Obwohl Finnland bekannterweise über eine äußerst lebendige Metalszene verfügt, so war man historisch den Schweden im Death Metal-Genre deutlich unterlegen. Während man in Göteborg und Stockholm über heute noch legendäre Szenen verfügte, schienen sich Bands aus Finnland vermehrt auf diverse Subgenres zu verteilen. 
Doch diese "Unterlegenheit" gilt definitiv nicht für INSOMNIUM, die ihren Death Metal auf "typisch finnische" Art und Weise zelebrieren. Dieser Death Metal finnischer Prägung ist düster, melancholisch, mitunter aber auch sehr melodisch. Dabei kreiert man einen unverkennbaren Stil. Man scheut sich nicht einmal davor, Refrains und Klargesang zu inkludieren, was bei "Valediction" zu einem kleinen "Hit" gedeiht. Ja, Melodie und Death Metal passen sehr wohl zusammen. 

Generell setzt man nicht selten auf die Kraft der Refrains, wie man z.B. auch bei "Neverlast" oder dem mit schönen Gitarrenmelodien gespickten "Mute Is My Sorrow" nachhören kann. In den meisten Songs lässt sich der für INSOMNIUM typische Kontrast von Aggressivität und Atmosphäre erkennen.
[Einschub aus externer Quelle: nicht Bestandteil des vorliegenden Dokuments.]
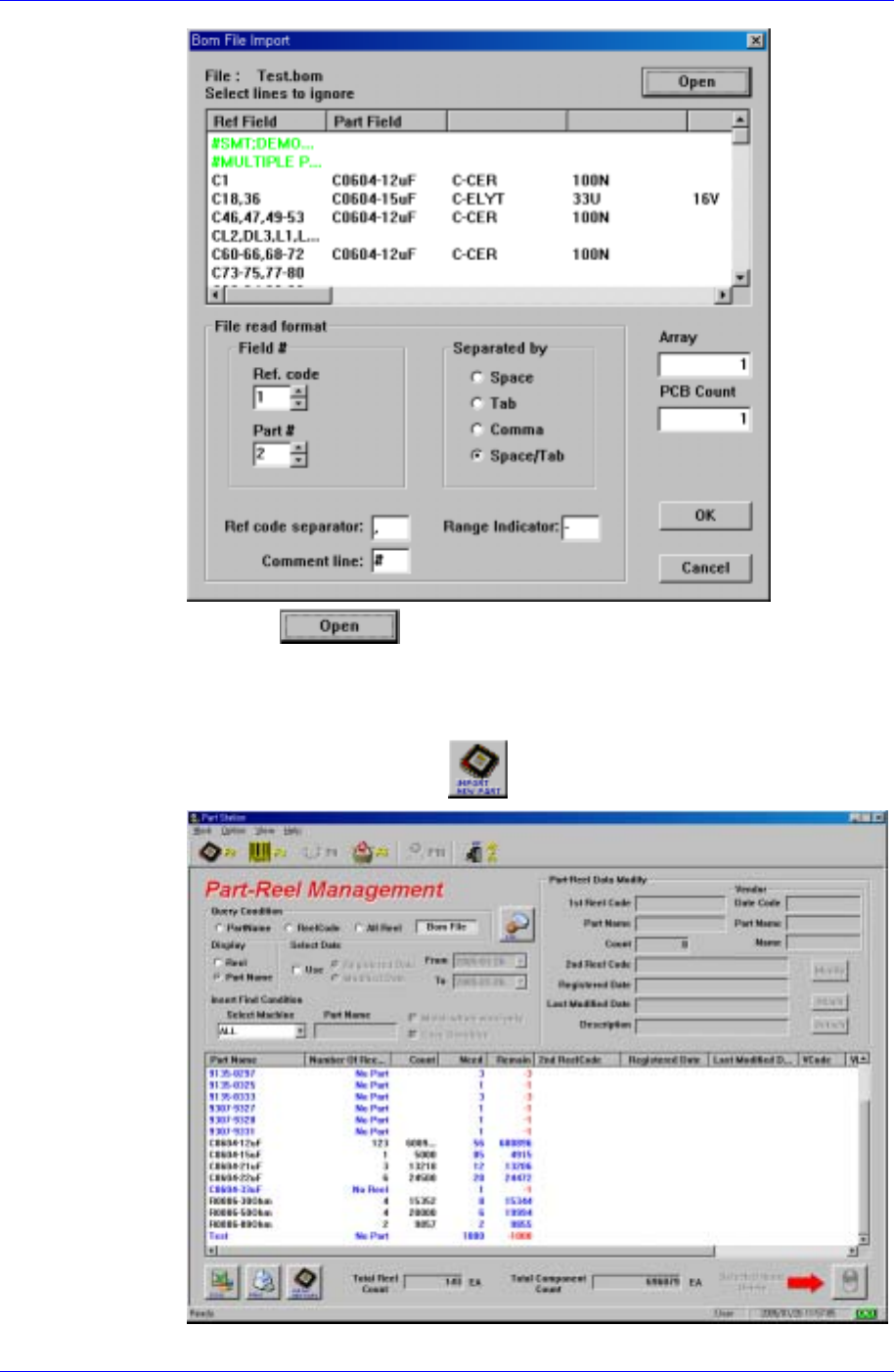 Samsung Intelligent Feeder System ③ Press the button to import the Bom File and set the file format. Then click the <OK> button. ④ If the searched part does not exist in th e DB as shown in the following figure…

Aufbauend auf dieser Basis setzt man melodische Elemente entweder im Gesang oder bei den Gitarren ein, um den Songs eine unverkennbare Färbung zu geben. Ein weiteres, gerne genütztes Stilmittel sind akustische Intros wie zum Beispiel beim erhabenen "Heart Like A Grave" oder dem partiell fast schwarzmetallischen "Pale Morning Star". 

Wer auf melodischen und melancholischen Death Metal steht, der hat mit INSOMNIUM sowieso die Trumpfkarte gezogen und wird "Heart Like A Grave" lieben. Freunde der rasenden Zerstörung werden dieses Album wohl weniger schätzen, doch jene Hörer sind ganz einfach nicht die Zielgruppe von INSOMNIUM. Ganz ehrlich, der zweistimmige Klargesang von Ville Friman und Jani Liimatainen ist einfach zu schön, um ihn nicht zu schätzen. Zu bemängeln gibt es bei diesem Werk eigentlich nichts. Nur die vielzitierte "Weiterentwicklung" könnte man nennen. Aber dabei kann man sich die metallische Gretchenfrage stellen: Braucht man Weiterentwicklung oder ist nicht doch die Konstanz auf hohem Niveau das erstrebenswertere Ziel? Darauf habe ich keine Antwort, die Frage nach einer Kaufempfehlung lässt sich wiederum mit einem motivierten Kopfnicken bejahen.